Earlier I wrote about the existence of nuclear weapons. Any person attached to their manufacture or use needs to be allowed a day to rethink his or her personal philosophy, then declare and renounce the evil to avoid our cyanide gummy bear threat made good. New technicians will be hired to dismantle the weapons. Temporary armies will hunt the generals and billionaires. And we shall wipe our asses with rags.
Not much of a sound plan for utopia thus far.
James Lovelock, the soft spoken, gentle scientist of doom, who, at 90 years of age, was excited to take a flight into outer space, and witness the beautiful, pirouetting planet host he renamed Gaia. What a sensitive and kind, flower-adoring man! He once wrote that by the end of this century, good Gaia will have lured humans into small groups roving around the poles seeking food and killing each other to eat while swarms of mosquitoes suck and taint mammal blood until the final day of the end of days. He just mind-leapt nearly a hundred years into a rational, natural future ignoring all the powers that target life with their big nuclear dick missiles. Does he believe these many lethal personalities addicted to toilet paper will just go gently into that good night?

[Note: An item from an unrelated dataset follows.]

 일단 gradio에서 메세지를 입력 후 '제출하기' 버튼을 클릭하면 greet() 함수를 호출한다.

Yes, probably. Because he is such a nice, sweet old flower man who wants to blast off to outer space before he dies. The reality is more likely to see every nuke detonated the moment two billionaires lose their beach front properties after bloated Gaia’s water breaks. Nuclear winter is the end. The total end. Not a movie nerd Mad Max beginning of fantasy little boy auto-toys zooming across the desert killing for full tanks of petrol. Nothing like that at all. Just dead things in irradiated dust.

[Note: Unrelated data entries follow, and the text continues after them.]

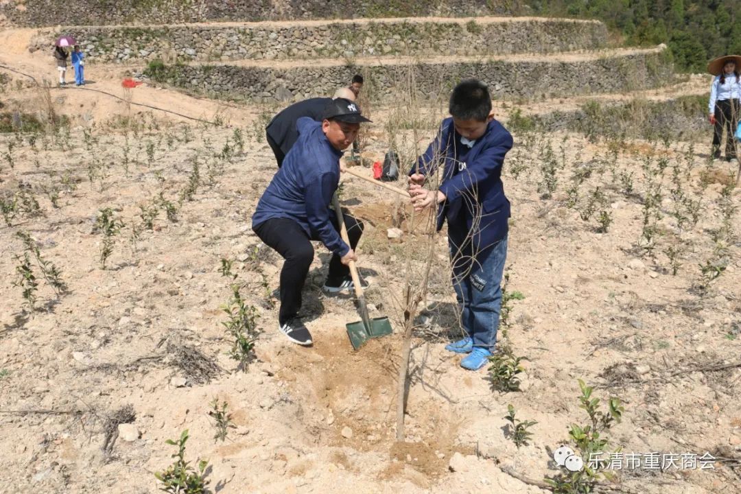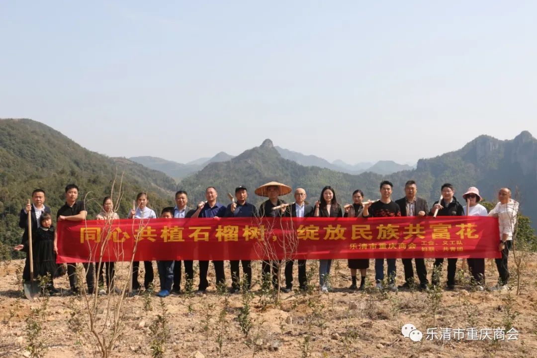 植树现场一派热火朝天的劳动景象,大家分工明确,有的扶正树苗,有的培土踩实,乐清市重庆商会共栽种石榴树100余株。大家还纷纷和自己亲手栽种的树苗合影留念,挂上纪念标语。
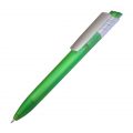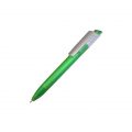 Багаторазова кулькова ручка із широким кліпом сріблястого кольору. Корпус виготовлений із прозорого матового пластику. Механізм – кнопковий.
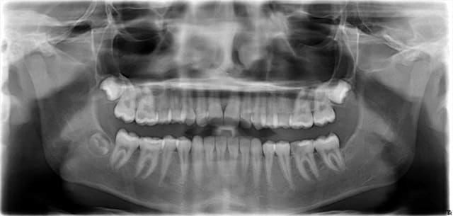 2°) pour une gamine de 13 ans, la denture est plutôt avancée, d'où pour moi la difficulté de mésialer la 37 correctement.
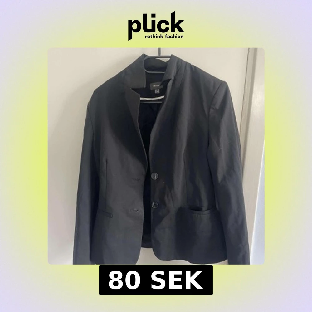 Snygg och klassisk kavaj i svart, perfekt för både jobb och fest. Skräddad passform med två knappar framtill och diskreta fickor. Bekväm att bära med lätt stretch. I mycket fint skick.
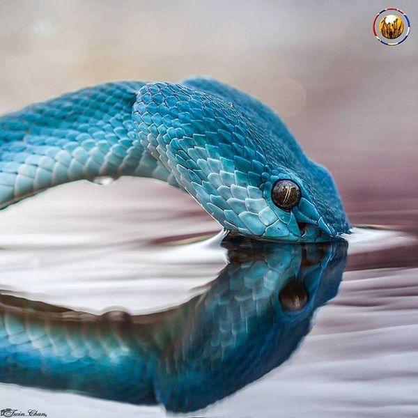 ГКК (островная древесная гадюка) - очень красивая змея голубого цвета, одна из разновидностей островной куфии - эндемика М. Зондских о-ов в Индонезии. На разных о-вах водятся куфии зеленые, желтые и оранжевые, а на о-ве Комодо встречается наиболее редкий вид - змеи цвета морской волны.Глядя на палитру, рассчитывала на красивую голубую бабочку или птичку.
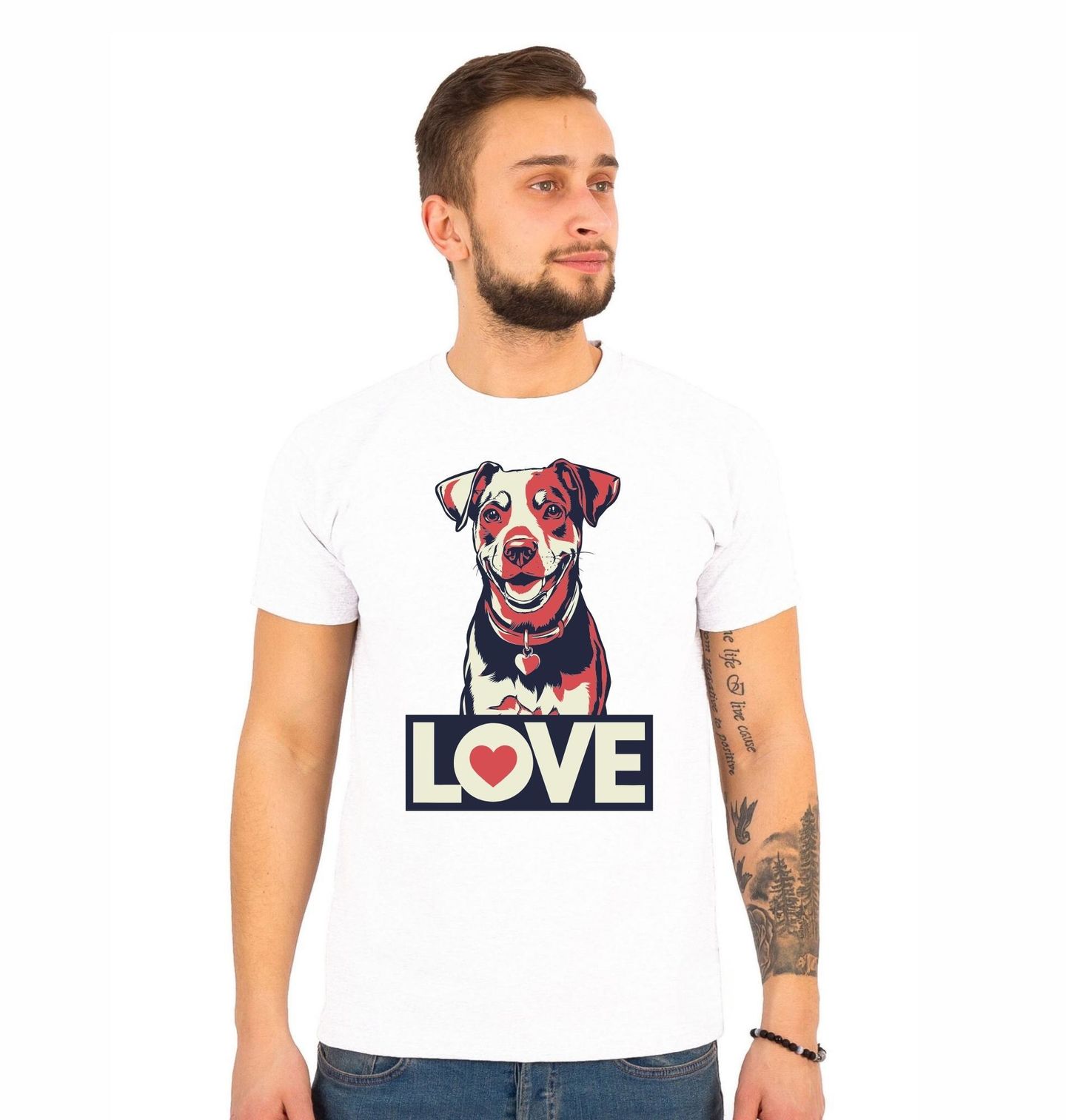 Pánské tričko Láska k Psovi Love Jack Russell Terrier. Tento motiv psa vyzařuje radost, věrnost a pozitivní energii. Minimalistický design s výrazným nápisem „LOVE“, neboli „Láska“, podtrhuje silné pouto mezi člověkem a jeho čtyřnohým přítelem. Skvělá volba pro každého milovníka psů.

Have you hugged your military man today? Have you thanked him for his service? He and his boss are the only threat to all life on earth. Without nuclear weapons, Gaia would readjust, or, as Kenneth Patchen wrote, just decide to “change the subject”. The world then might not be so livable for agricultural humans, but at least, and at best, life wouldn’t be erased. Life would stay, all around. And time would create more life.